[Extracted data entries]
------------------------------------------------------------

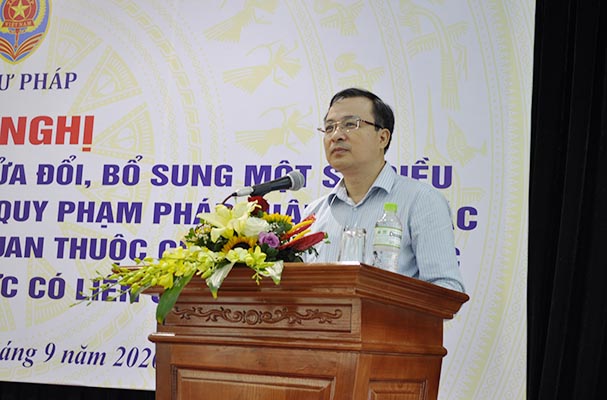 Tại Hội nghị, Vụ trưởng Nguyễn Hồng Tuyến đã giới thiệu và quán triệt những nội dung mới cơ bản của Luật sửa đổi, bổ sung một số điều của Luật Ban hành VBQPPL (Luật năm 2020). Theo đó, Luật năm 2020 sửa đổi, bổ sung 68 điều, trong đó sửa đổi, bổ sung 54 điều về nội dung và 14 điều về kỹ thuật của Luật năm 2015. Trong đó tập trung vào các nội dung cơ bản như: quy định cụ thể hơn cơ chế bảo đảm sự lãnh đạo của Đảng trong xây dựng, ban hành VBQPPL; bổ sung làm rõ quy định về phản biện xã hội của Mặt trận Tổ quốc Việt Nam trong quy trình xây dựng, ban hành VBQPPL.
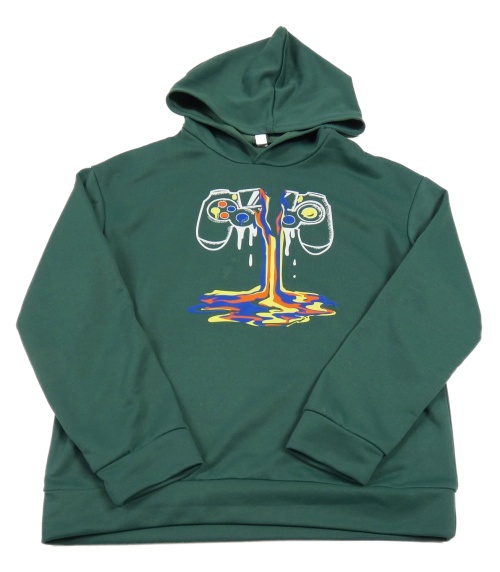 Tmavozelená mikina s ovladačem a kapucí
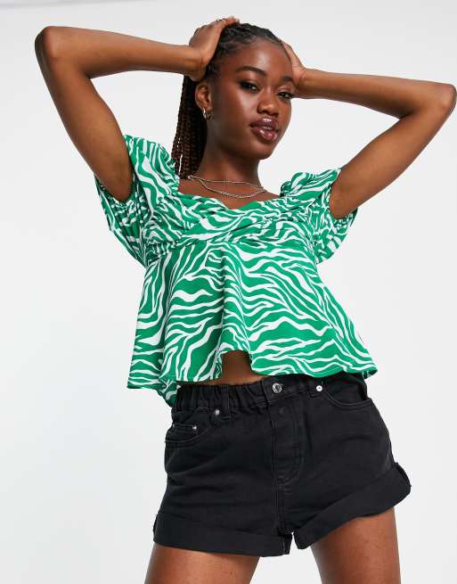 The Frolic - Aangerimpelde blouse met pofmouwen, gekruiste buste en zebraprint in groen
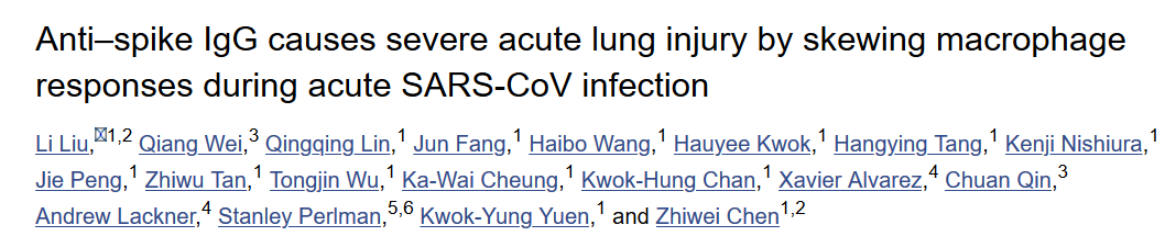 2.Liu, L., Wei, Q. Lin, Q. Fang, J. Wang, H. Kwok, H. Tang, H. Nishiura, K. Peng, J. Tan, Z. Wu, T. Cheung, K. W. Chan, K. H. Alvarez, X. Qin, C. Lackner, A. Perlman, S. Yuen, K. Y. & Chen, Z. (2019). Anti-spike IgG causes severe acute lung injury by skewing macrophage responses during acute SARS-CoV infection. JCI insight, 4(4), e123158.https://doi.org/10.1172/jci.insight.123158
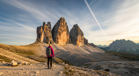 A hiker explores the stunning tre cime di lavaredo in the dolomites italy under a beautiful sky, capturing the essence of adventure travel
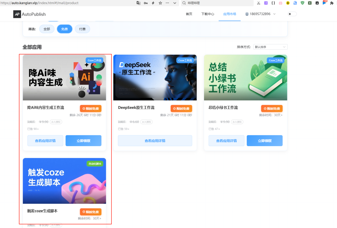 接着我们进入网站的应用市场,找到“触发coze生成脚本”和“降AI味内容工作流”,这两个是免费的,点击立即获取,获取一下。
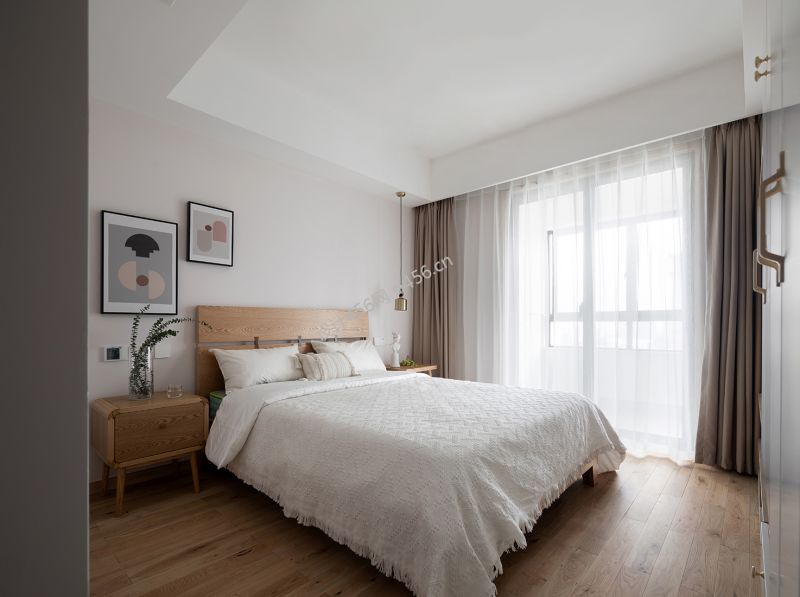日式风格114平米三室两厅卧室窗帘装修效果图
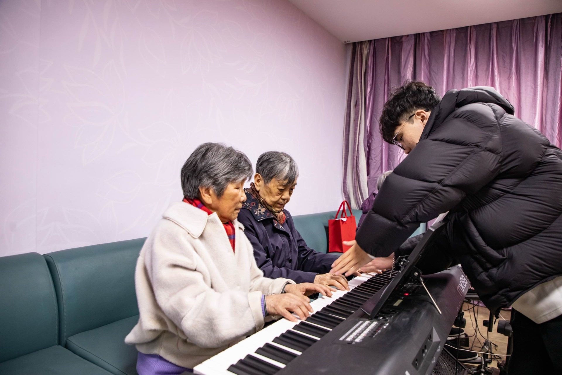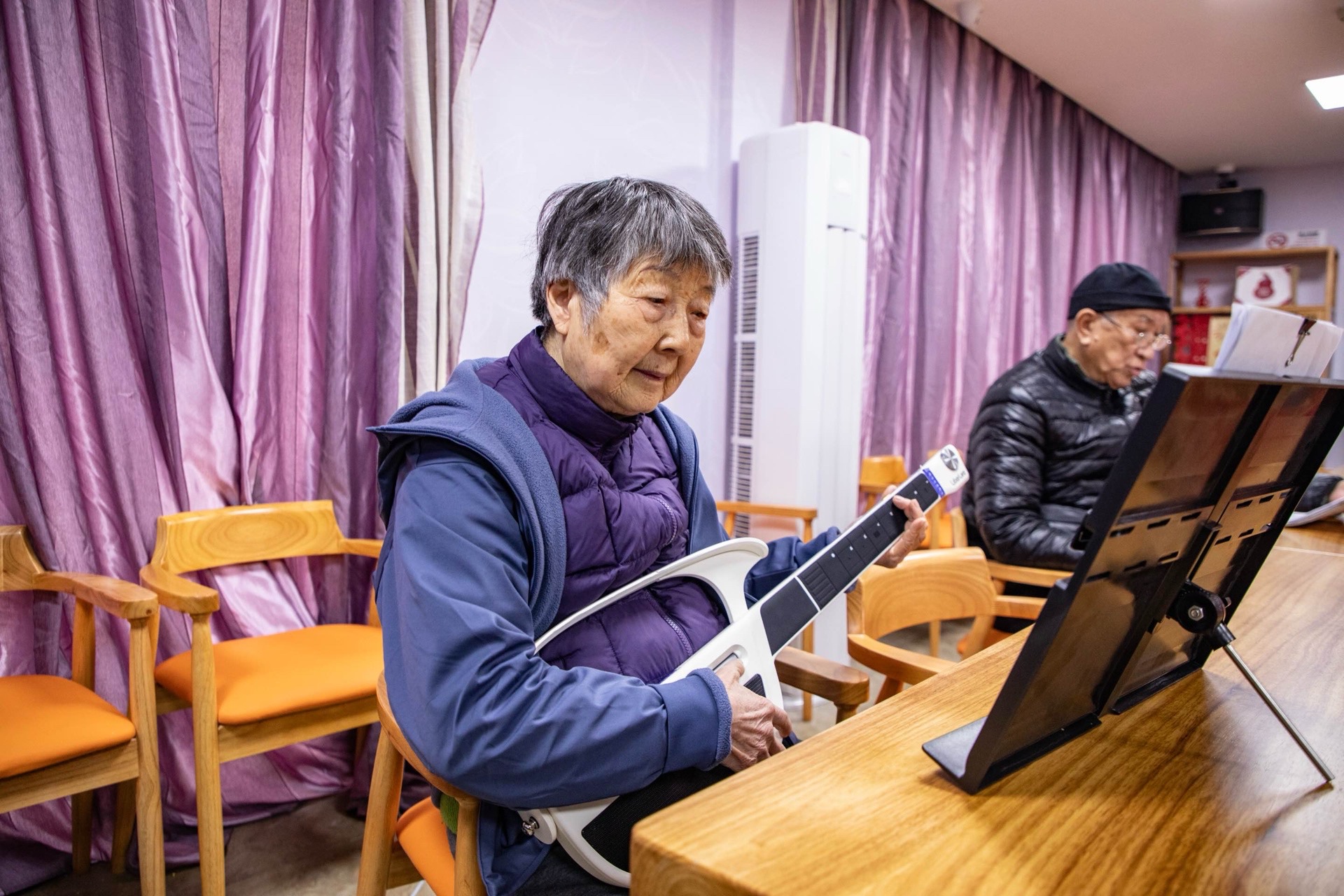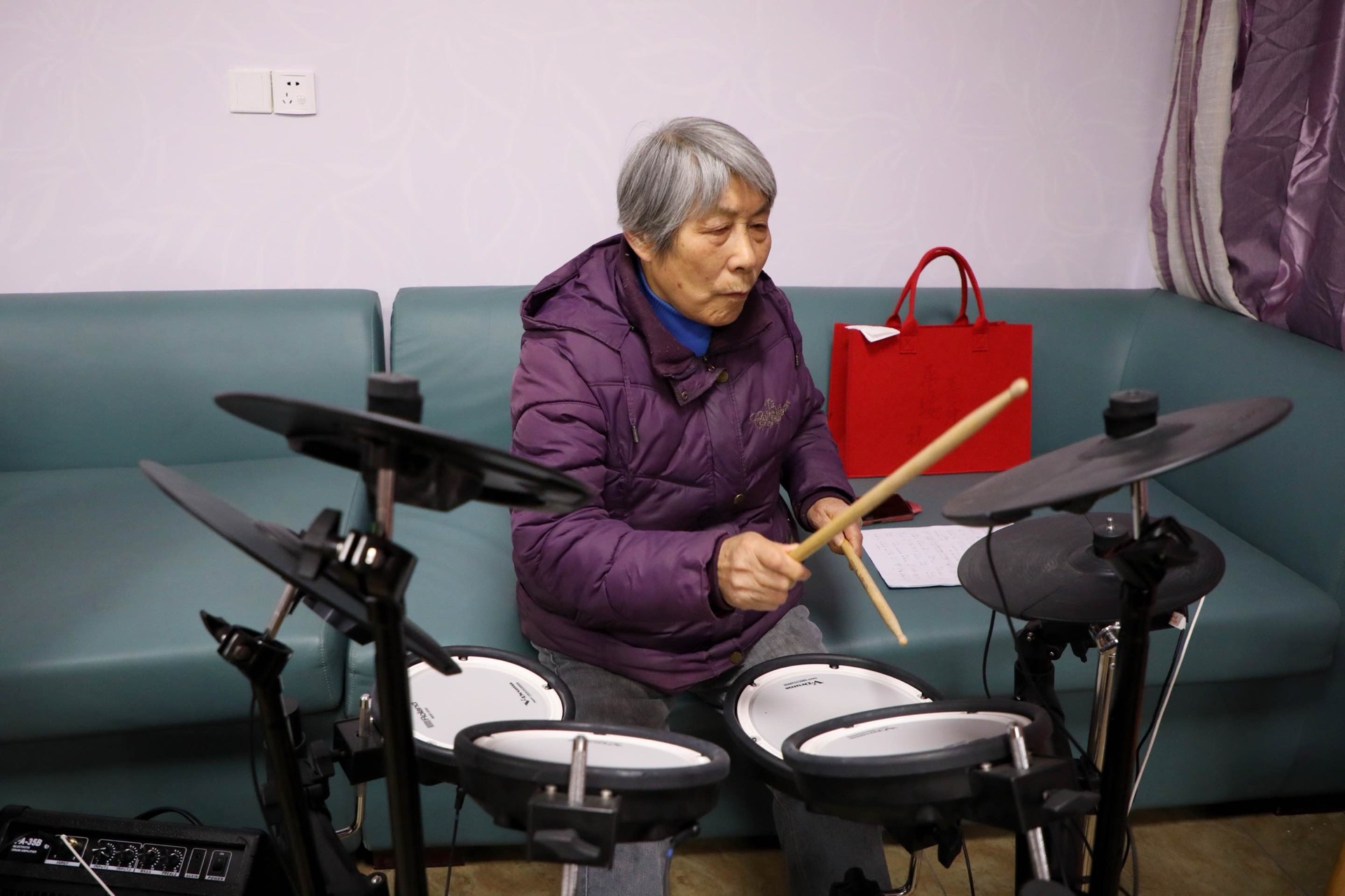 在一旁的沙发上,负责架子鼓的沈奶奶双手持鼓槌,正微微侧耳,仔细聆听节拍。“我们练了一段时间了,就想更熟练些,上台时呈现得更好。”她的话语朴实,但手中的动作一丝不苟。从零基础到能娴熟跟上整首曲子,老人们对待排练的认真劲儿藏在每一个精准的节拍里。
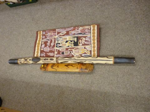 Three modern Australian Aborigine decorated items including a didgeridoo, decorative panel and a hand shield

------------------------------------------------------------

- _WORK INSTRUCTIONS_: Only the lines from the one containing "2.Liu, L., Wei, Q." through the final line of the entries belong in the copy, both ends included. Pictures stay out.

- _ANSWER AREA_:
 2.Liu, L., Wei, Q. Lin, Q. Fang, J. Wang, H. Kwok, H. Tang, H. Nishiura, K. Peng, J. Tan, Z. Wu, T. Cheung, K. W. Chan, K. H. Alvarez, X. Qin, C. Lackner, A. Perlman, S. Yuen, K. Y. & Chen, Z. (2019). Anti-spike IgG causes severe acute lung injury by skewing macrophage responses during acute SARS-CoV infection. JCI insight, 4(4), e123158.https://doi.org/10.1172/jci.insight.123158
 A hiker explores the stunning tre cime di lavaredo in the dolomites italy under a beautiful sky, capturing the essence of adventure travel
 接着我们进入网站的应用市场,找到“触发coze生成脚本”和“降AI味内容工作流”,这两个是免费的,点击立即获取,获取一下。
日式风格114平米三室两厅卧室窗帘装修效果图
 在一旁的沙发上,负责架子鼓的沈奶奶双手持鼓槌,正微微侧耳,仔细聆听节拍。“我们练了一段时间了,就想更熟练些,上台时呈现得更好。”她的话语朴实,但手中的动作一丝不苟。从零基础到能娴熟跟上整首曲子,老人们对待排练的认真劲儿藏在每一个精准的节拍里。
 Three modern Australian Aborigine decorated items including a didgeridoo, decorative panel and a hand shield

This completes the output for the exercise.